First up on the menu are pintxos, or small Spanish snacks designed for bar eating. A simple Spanish Omelette (RMB 30) packed several inches high with cubed potatoes and fluffy eggs served with creamy warm aioli, started things off on the right track. Eggs don’t fare as well in the tapas section. Broken eggs mixed with raw foie gras and salty Iberian ham clock in at a cool RMB 120, but the cubed fried potatoes that were unmentioned on the menu were the real meat of this dish.

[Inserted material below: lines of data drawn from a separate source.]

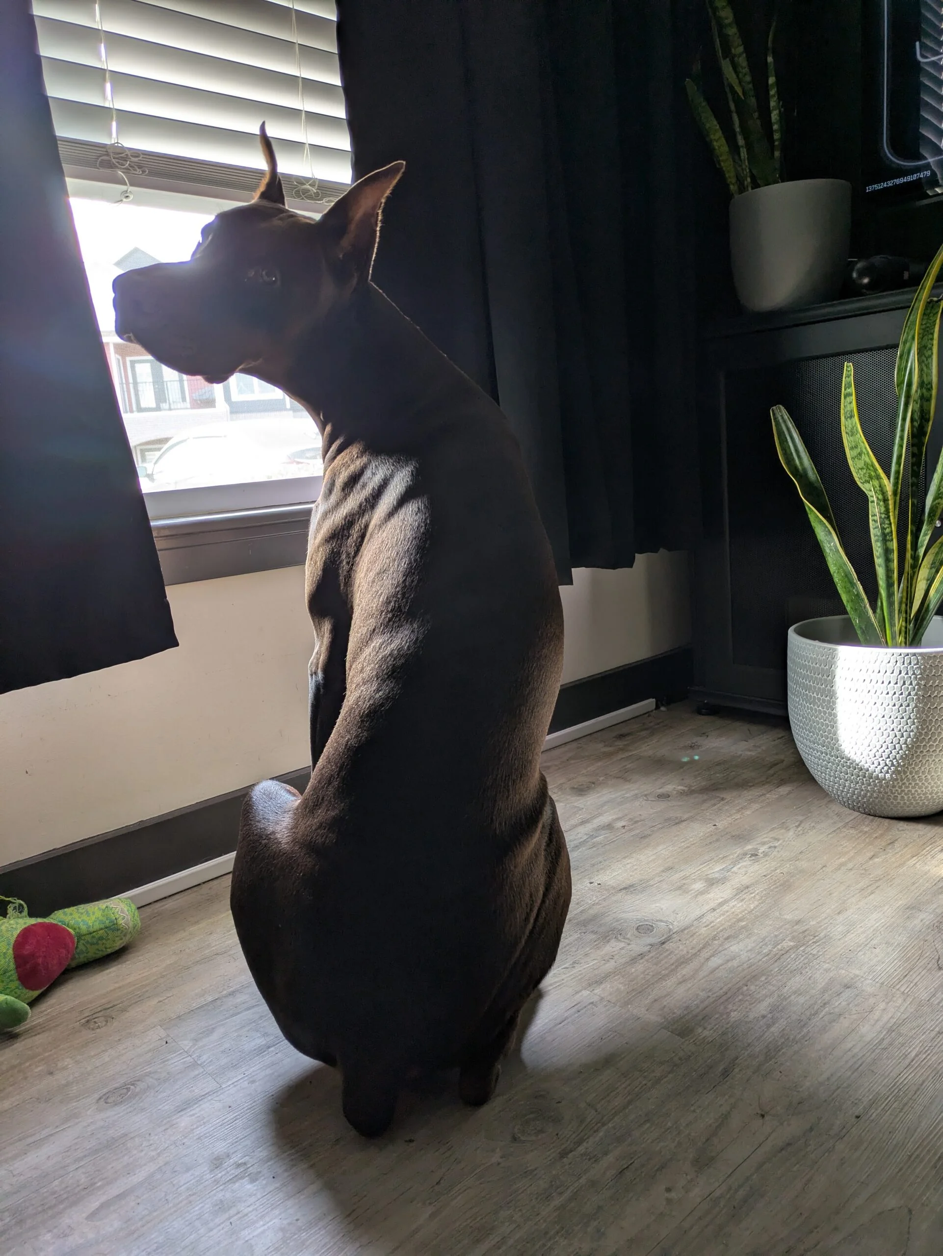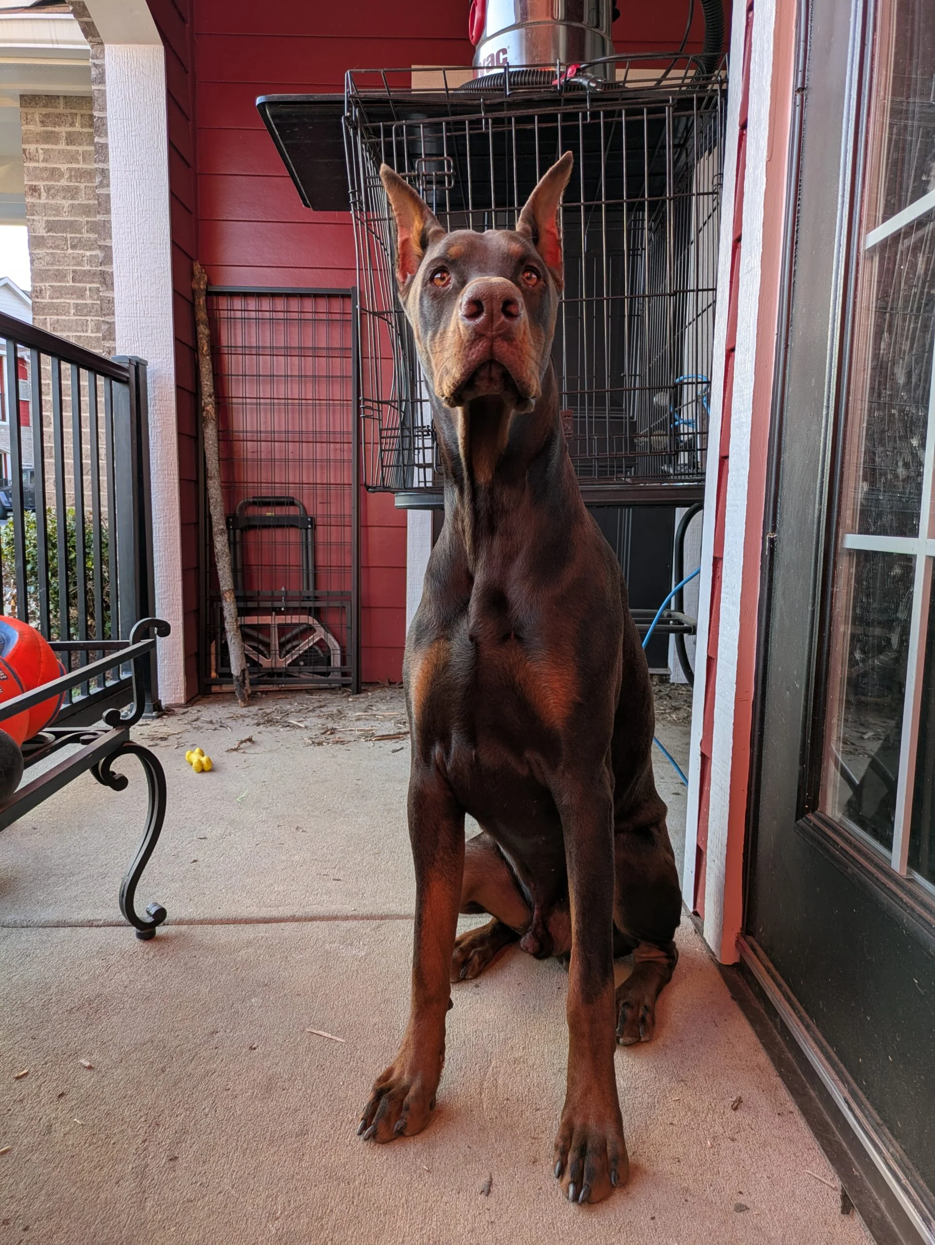 Atlas was born on March 14, 2024. On 05/04/2025 he weighed in at 94 lbs. He eats a diet of eggs, chicken, hamburger, vegetables of all types. His favorites are green peppers and carrots.
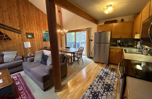 This is a beautifully appointed, quiet and cozy, Ski-In/Ski-Out getaway with a PRIVATE hot tub and private deck with grill nestled in the trees and a short walk to quaint ski village at the Whitefish Mountain Resort. For SUMMER stays enjoy Zip Lines, Mountain Biking, Mountain Slides, Scenic Lift Rides, Hiking, Berry Picking all within walking distance!
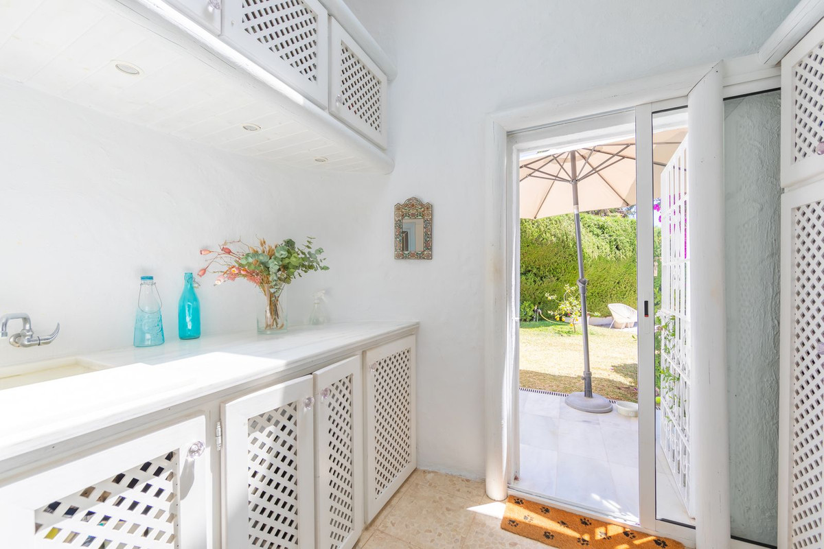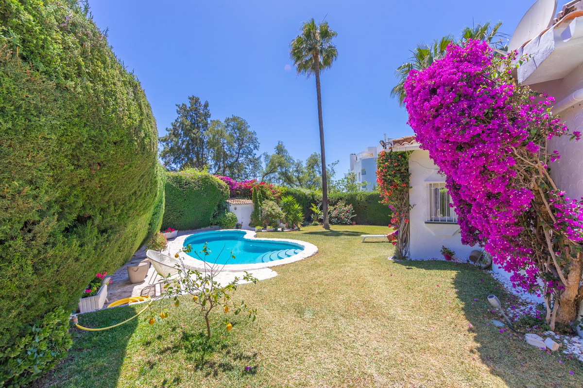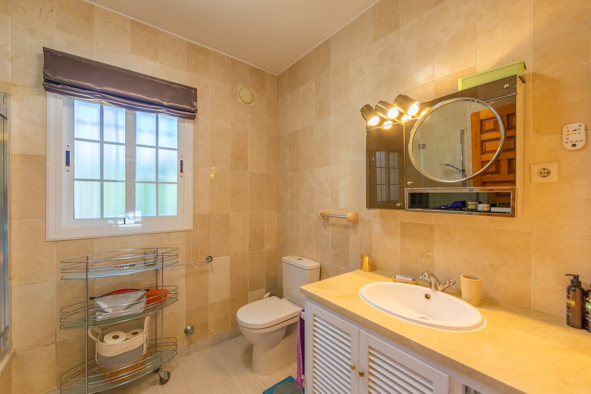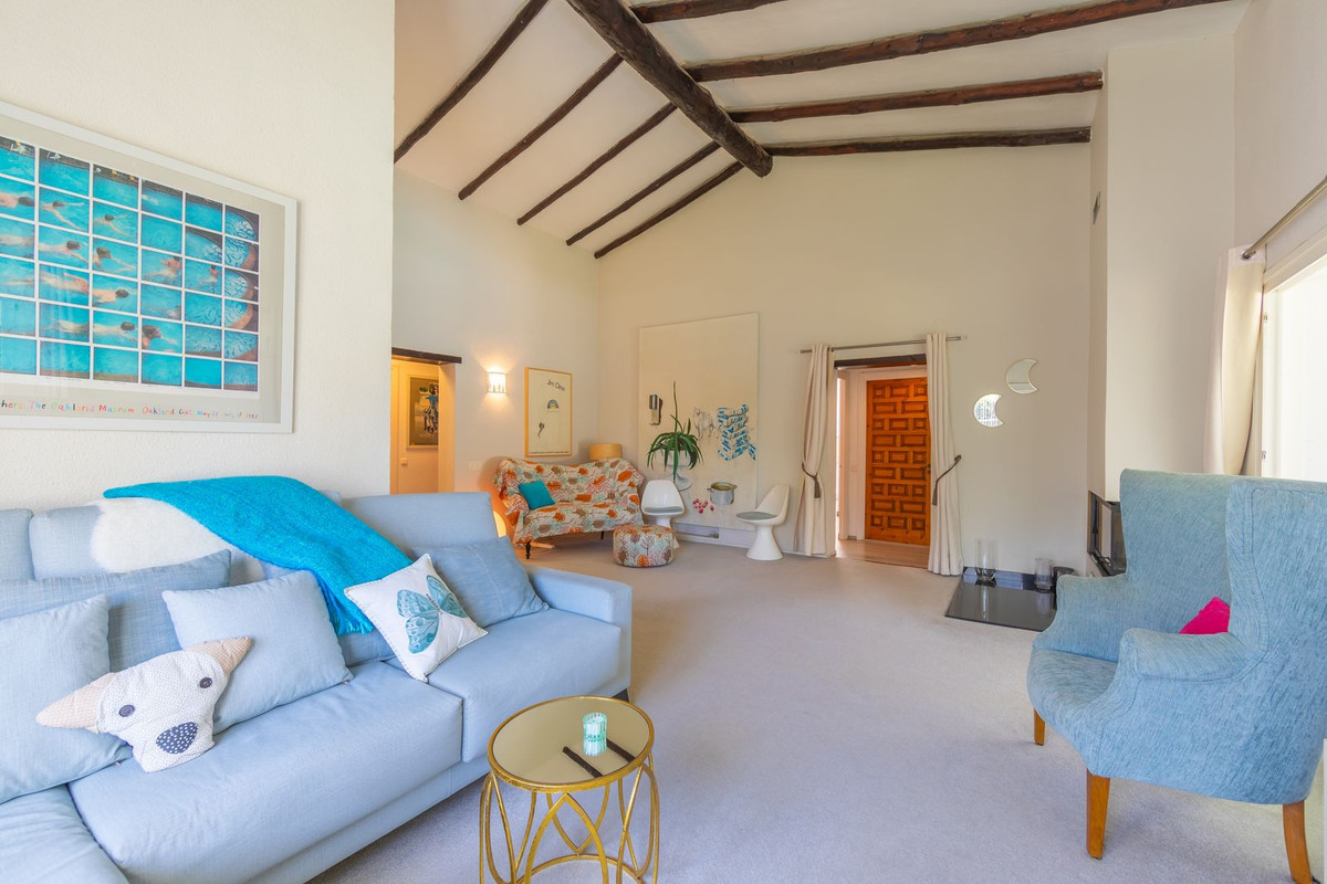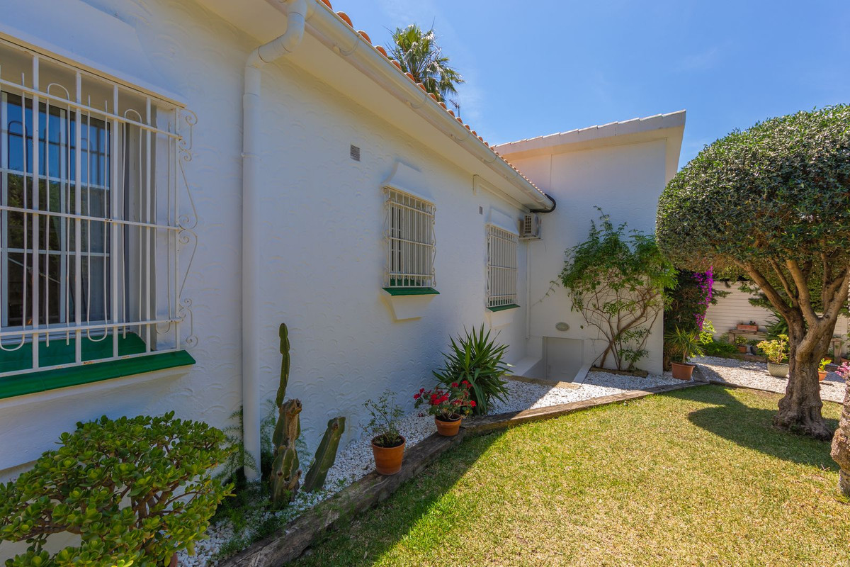 VILLA WITH ATTRACTIVE AND BEAUTIFUL MEDITERRANEAN CHARACTER, DISTRIBUTED ON A COMFORTABLE GROUND FLOOR AND LOCATED ON THE FIRST LINE OF GOLF, OF THE PRETIGIOUS REAL CLUB DE GOLF DE GUADALMINA. Located in a corner, in a cul de sac, located by the 18th Tee of the south . Enjoy a beautiful mature garden, very well maintained, with a multitude of trees and plants. LOCATED, 2 km from San Pedro de Alcántara and 6 km from Puerto Banús. Estepona and Marbella 15 min. Restaurants, Shops, and Leisure Areas just a 10-minute walk away and the beach a 5-minute drive away. Completely surrounded by Golf Courses and just a 3-minute walk from the golf clubhouse. (Golf share optional). Enjoy complete tranquility and privacy. South facing with great light and relaxing views of its excellently maintained mature garden and pool. It has a parking area for 2 cars at the entrance of the house plus a closed garage. In good condition and magnificently built, this property is distributed on a very comfortable single level. With a living room with high ceilings with wooden beams and direct access to the porch, garden and the kidney-shaped pool. The master bedroom en-suite with dressing room and direct access to the garden. A large and very bright kitchen with also high beamed ceilings and a dining area located next to the access to the parking area. The other good size bedrooms share 2 full bathrooms. The home has the option of separating an apartment by a door. From the cozy solarium enjoy relaxing views of the garden, golf courses and mountains. It also features a semi-basement with access from outside the house that could be used as a gym, games room, etc. It has great possibilities to change its distribution. We highly recommend visiting this fantastic property.

We get that starchy spuds provide a great foundation for sopping up all that gin, but the excessive use of potatoes across the menu feels lazy and cheap. Boiled Tender Octopus Rubbed With Smoky Paprika (RMB 95) comes on a bed of thick-cut sautéed waxy Chinese potatoes with lingering oil residue. Deep-fried cubed potatoes returned in the “Chef ’s Special” (RMB 135), mingling with mushy prawns and gamey diced pig trotters. 

The only dishes we sampled that weren’t overwhelmingly potato-based were the Argentinian Beef Carpaccio (RMB 95) and Goat Cheese Salad (RMB 85). The former serves raw, metallic-tasting meat drizzled with a syrupy balsamic reduction and topped with a dusting of grated manchego and pungent arugula. The salad was in its own right delicious with its leafy lettuce, deep-fried croutons, toasted pinenuts and a slab of salty goat cheese. But the menu promised that the goat cheese would be stuffed with Iberico ham, and despite the fact we ordered it at both sit-downs, we didn’t see or taste a speck of jamon.

Better value are the gin cocktails. Served in glasses that could double as fish bowls, the drinks, featuring 40 varietals of the juniper-flavored liquor with creative mixers such as coconut water and cucumber spice a la The Botanist Unusual (RMB 80), spiced up the typical G&T. Occasionally, when they can source it, that T will even stand for real tonic with actual quinine in it, a rarity in China. Just around the corner from Lola, Loco will undoubtedly serve as a public pregame space for the club scene. And who knows? Maybe all those potatoes will go a long way to soaking up the booze that fuels the late night dance parties.